# Can't Win



## njdad (Mar 29, 2012)

I've made a lot of changes for the better since getting blindsided by my wife with request for separation/divorce -- helping around the house, working out, sticking to budget, etc. I would be lying if I said that I didn't do these things in the hopes that my wife would take notice, but it would also be a lie to say that is the only reason. I'm doing them b/c they are the right thing to do and they make me feel better. That said, I have gotten absolutely no credit for any of it. To the contrary, it has all been met with extreme bitterness. She actually yelled at me for doing a household chore that she probably would have begged me to do 3 months ago. I don't know if it is too little too late or if she thinks it is only an act or if it shows what I could have been doing all along or if she worries that if she acknowledges that I am trying and a decent guy she might feel guilty. Regardless, I'm starting to resent her resentment. 

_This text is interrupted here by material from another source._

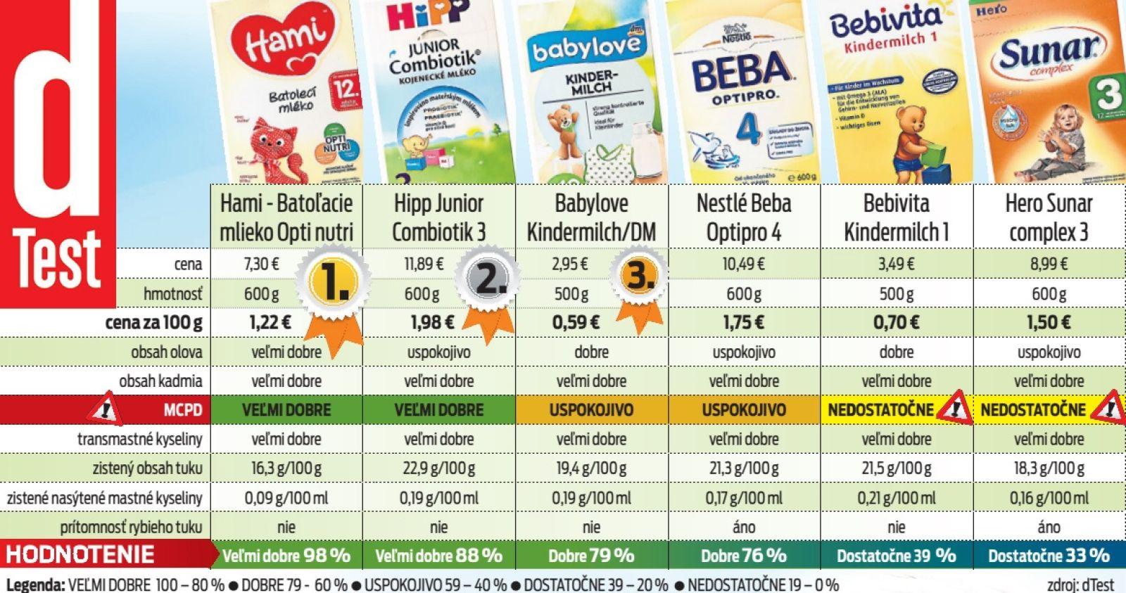 - obsah týchto látok v sušených detských mliekach sa prepočítal na dennú dávku výživy, ktorú odporúča výrobca na obale

Not looking for advice (although I will gladly take it!). Just venting. Thanks.


----------



## AlterEgoist (Mar 6, 2012)

You shouldn't look for validation from anyone except yourself, you have a lot of self healing to do. Improve yourself first.


----------



## I want the kids! (Apr 17, 2012)

You and me sound like we are in the same boat. I have been doing things and when I come home I smile and say hello. She seems to think it is an act or something but I have told her several times that I see how I treated her wrong in the past and am changing for the better to help her de-stress as well as make changes to myself for myself.

Also when this is over I will have to do all the house work myself anyway so I guess I might as well get used to it. Also If I do everything now hopefully the court will see I am a good caretaker and give me custody.

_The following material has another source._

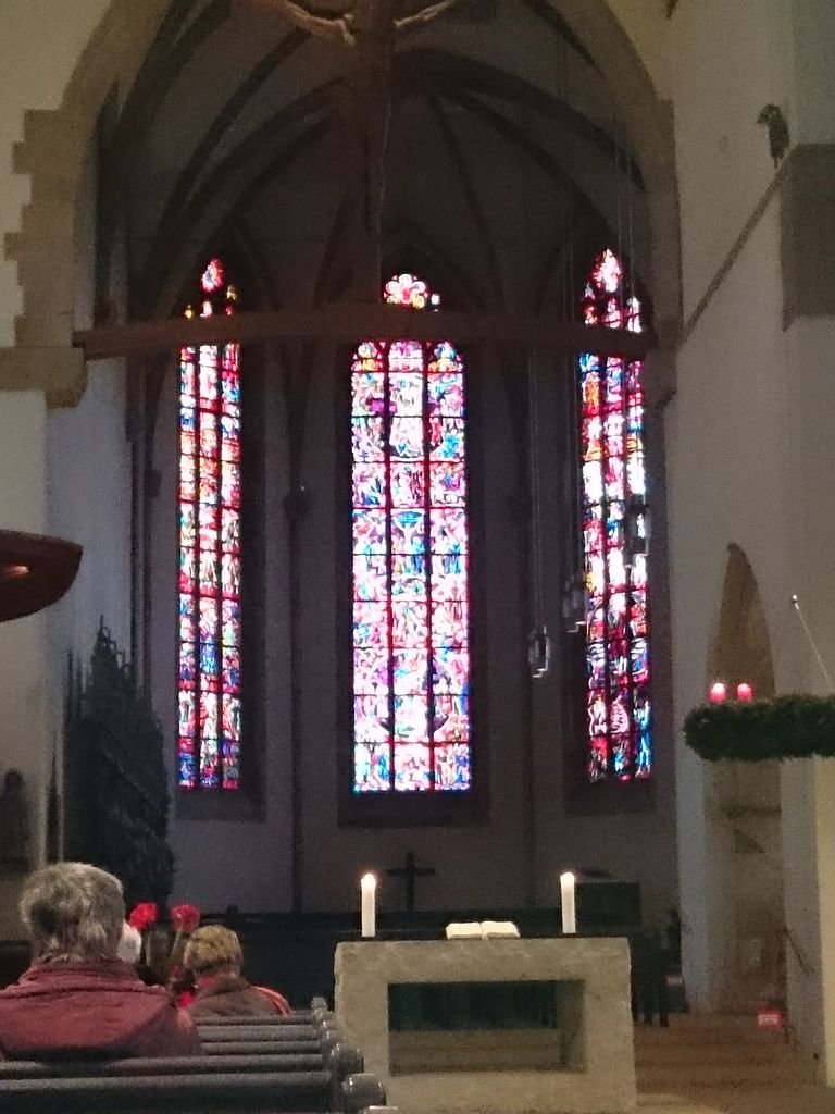 プロテスタント教会(写真)とカトリック教会が向かい合わせに建っています。

I resent the resentment too but the books I've read basically say to turn the other cheek. Your wife and mine are in a fog. I don't think I can do anything good right now. Of course she knows I am fighting for the kids so I am way high on the sh!t list for sure.

These changes you and I have made will help with our next relationships. I have no idea when I will be ready but I figure it will help.

Take care and keep your head up.


----------